Victorian Decorative Tile Flooring – Encaustic tiles – Part 3
Encaustic tiles were usually used as the decorative tiles within a floor that primarily used geometric tiles as the main tile covering. Encaustic tiles were more expensive than geometric tiles, owing to their much higher costs of manufacture.
Encaustic tiles were often used to replicate or reinterpret medieval tiles that were found in early churches. Those early tiles were the first to incorporate a thin layer of extra clay in another colour to impart the design in either geometric shapes or the designs showed stylized animals or plants.
The Victorians took the designs and applied mass production techniques to the manufacturing process. With encaustic tiles, they improved on the medieval tiles substantially. Medieval tiles were painted or had thinly laid on designs and the designs could wear off with heavy foot traffic. Victorian encaustic tiles were manufactured with the design running through the depth of the tile, so that if the tile wore down, so did the design contained within the tile.

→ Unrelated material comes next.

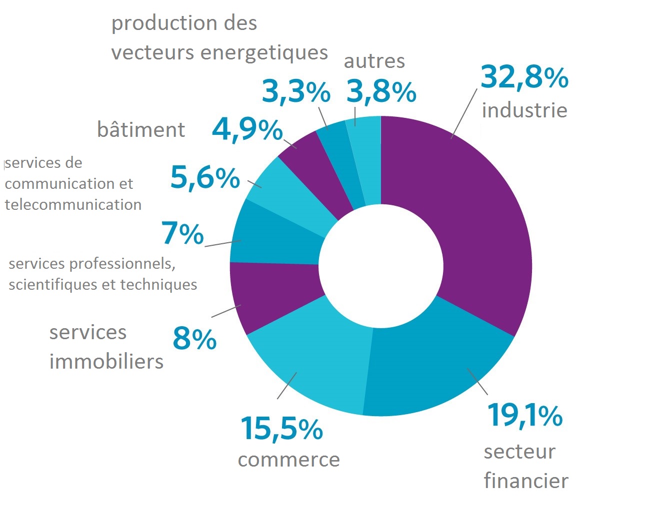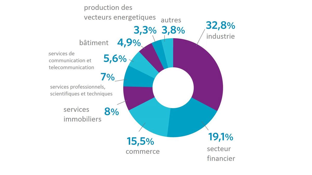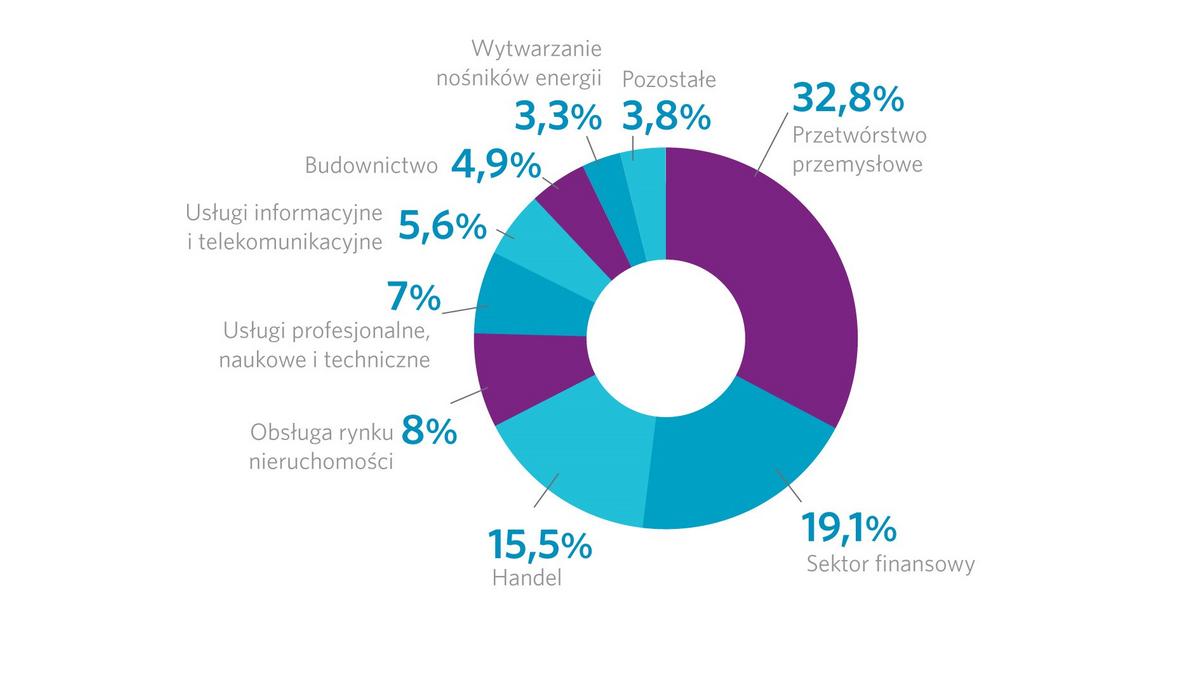 Figure 2. les IDE investis dans les industries ? la fin de 2015. (Source: Banque Nationale de Pologne)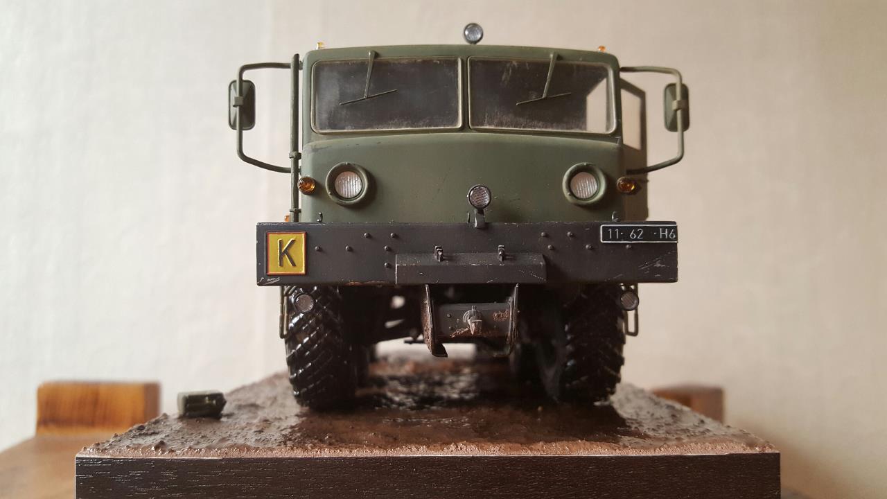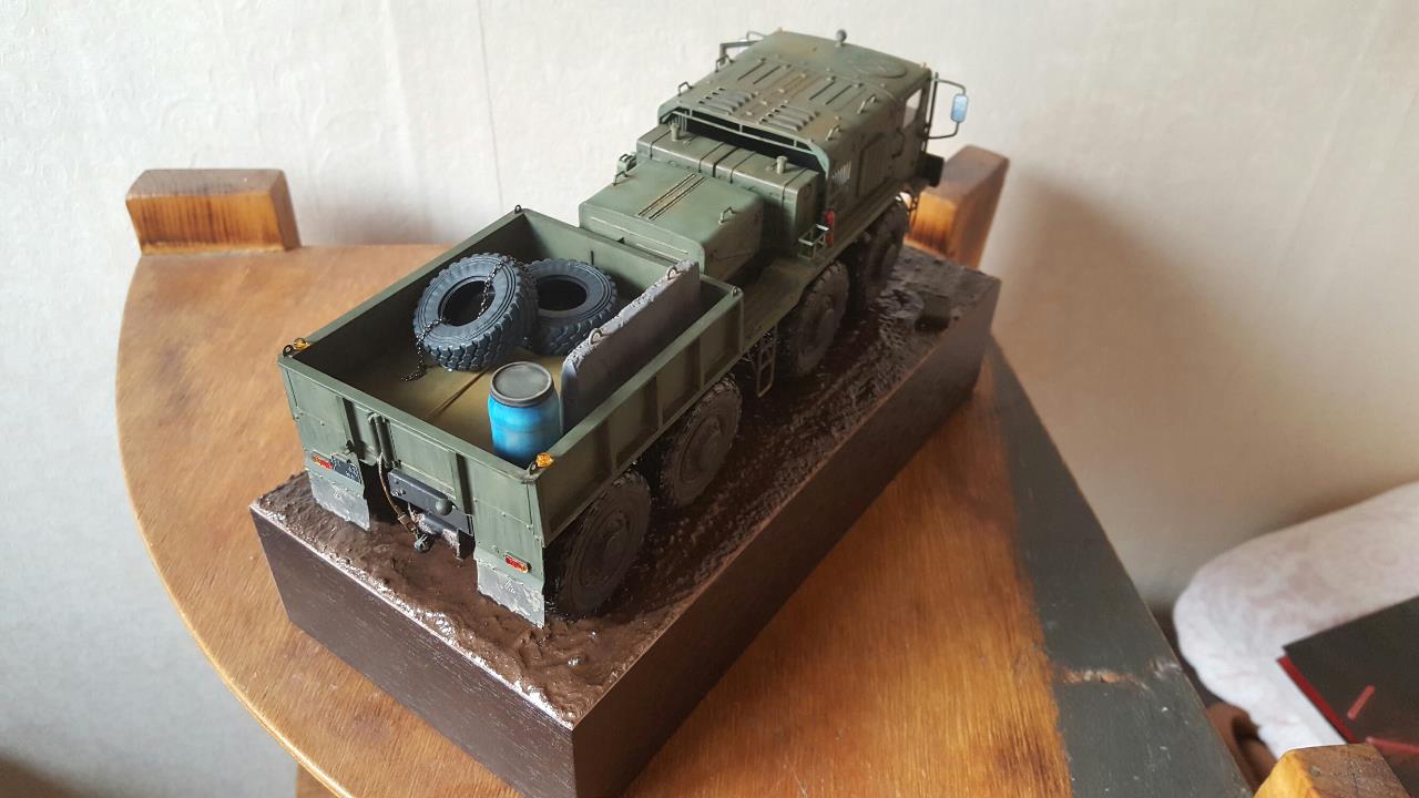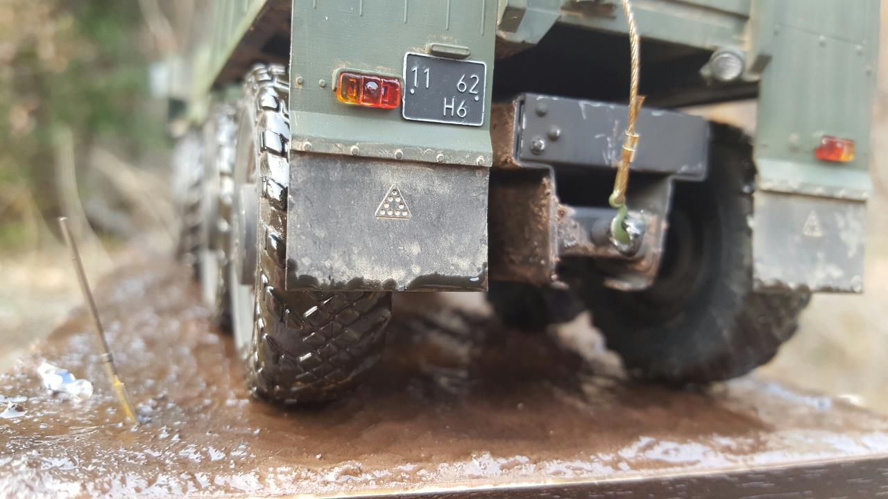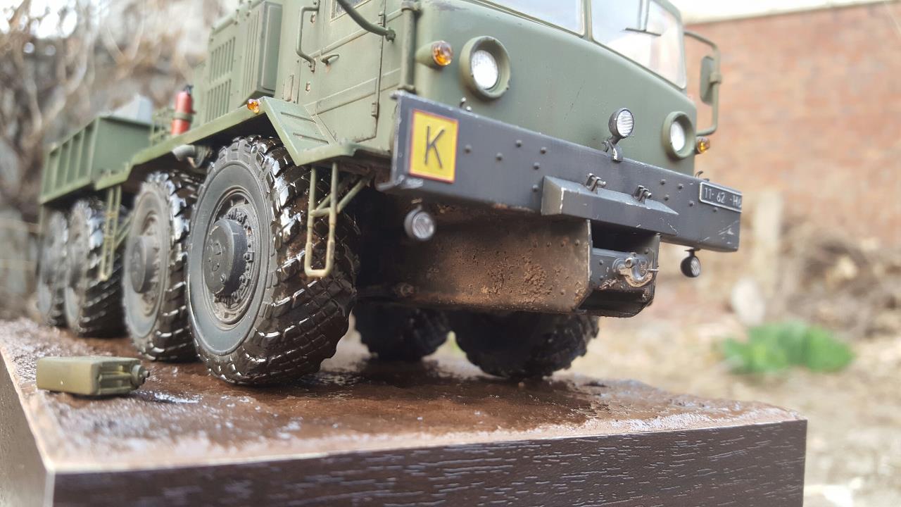 진흙길을 지나가다 잠시 운전사가 자리를 비운 장면입니다. 베이스가 허전하여 기름통,삽 등을 꽂아보았습니다.

The Victorian encaustic tiles were made in a moulded process, leaving carefully shaped holes in the tile that would later be filled with differently coloured wet – almost liquid – clay. The clay would be poured into the remaining voids in the tile. It would set, and then be scraped off level with the surface of the original tile, and then sent for firing.
Encaustic tiles were then used as decorative highlights – usually in a field of geometric tiles. Due to the hardwearing traits of encaustic tiles, they could be used in a variety of heavy foot traffic situations, either outdoors, or in public buildings and churches.
Encaustic tiles were sometimes used in residential buildings, but due to the cost involved, they were generally used as focal point tiles in grander homes of wealthy industrialists. However, in Scotland, you can frequently still see them as colourful walkways leading to the front door of a stone terrace house.
Keep your eyes down in older public buildings and in grand residential historic house museums! You may encounter more splendid examples of Victorian floor tiling.